Epigenetic signatures in the mammalian genome, including DNA and histone modifications, control tissue- and context-specific gene expression, thereby regulating cellular differentiation and organism development (Ashe et al., 2021; Egger et al., 2004). In particular, methylation and hydroxymethylation marks on the cytosine at CpG (cytosine followed by guanine) dinucleotides tightly regulate transcription during various physiological and pathological contexts (Jin and Liu, 2018; Kriukienė et al., 2012). Methylation at the 5^th carbon position of cytosine forms 5-methylcytosine (5mC), which is a repressive, heritable epigenetic mark that negatively regulates gene expression by either restricting the binding of transcription factors or favoring a non-permissive chromatin architecture by interacting with chromatin remodelers, such as methyl-DNA-binding proteins (MBDs) (Boyes and Bird, 1991; Zhu et al., 2016). The 5mC will be oxidized to form 5-hydroxymethylcytosine (5hmC), which is a transient, yet stable, epigenetic mark associated with permissive chromatin state and enhanced gene transcription, achieved either by increasing chromatin accessibility to transcription machinery or inhibiting transcriptional repressor binding proteins, such as MBD1 or methyl cytosine binding proteins 1 and 2 (MeCP1 and 2) (Branco et al., 2012).
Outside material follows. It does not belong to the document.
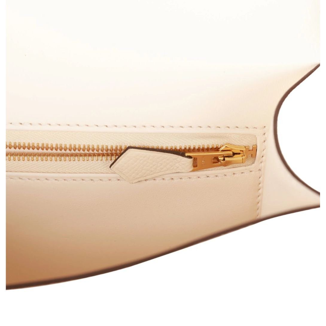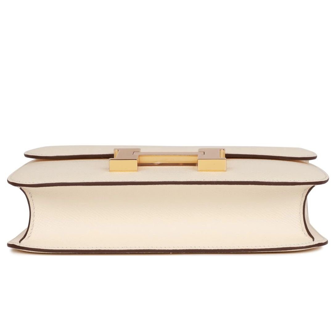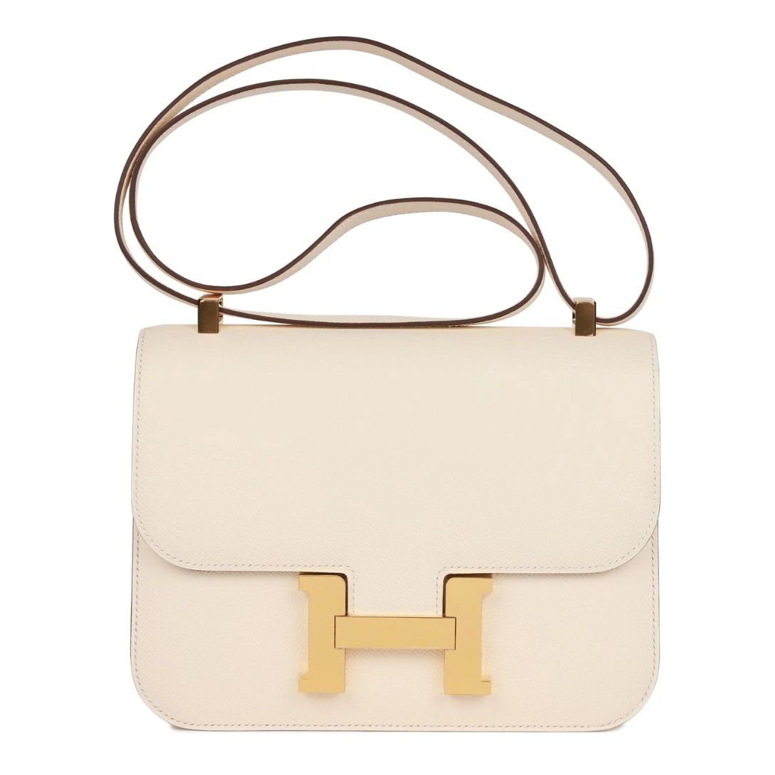 This Hermès Constance is crafted from Nata epsom leather and features gold hardware. It has tonal stitching, a signature metal “H” snap lock closure, and an adjustable shoulder strap, offering a perfect balance of luxury and versatility.

It is estimated that the mammalian genome contains ∼3 × 10⁷ residues of 5mC, mainly within CpG dinucleotides (Walsh and Bestor, 1999). 5mC plays a vital role in genomic stability by silencing transposable elements, allele-specific expression of imprinted genes, and X-chromosome inactivation (Schübeler, 2015). The formation of 5mC is catalyzed by a family of highly conserved enzymes known as DNA methyltransferases (DNMTs), which covalently transfer a methyl group from S-adenosyl methionine to the 5^th carbon of cytosine (Edwards et al., 2017). There are three classes of DNMTs: DNMT1, DNMT2, and DNMT3A/3B/3L. Of these, DNMT1 is primarily responsible for maintenance methylation, ensuring that methylation patterns are copied during DNA replication (Goyal et al., 2006). The exact biological functions of DNMT2 remain to be characterized, although some studies show that DNMT2 regulates centromere function and tRNA modifications (Goll et al., 2006; Jeltsch et al., 2017). In contrast, DNMT3A/3B/3L are involved in de novo DNA methylation, establishing new methylation patterns during gametogenesis, embryonic development, and cell differentiation (Okano et al., 1999). While the functional significance of differential DNA methylation patterns was thoroughly investigated in cancer pathophysiology, genome-wide changes in DNA methylome are also evident during aging and in the onset and progression of several age-related diseases (Kulis and Esteller, 2010; Noroozi et al., 2021).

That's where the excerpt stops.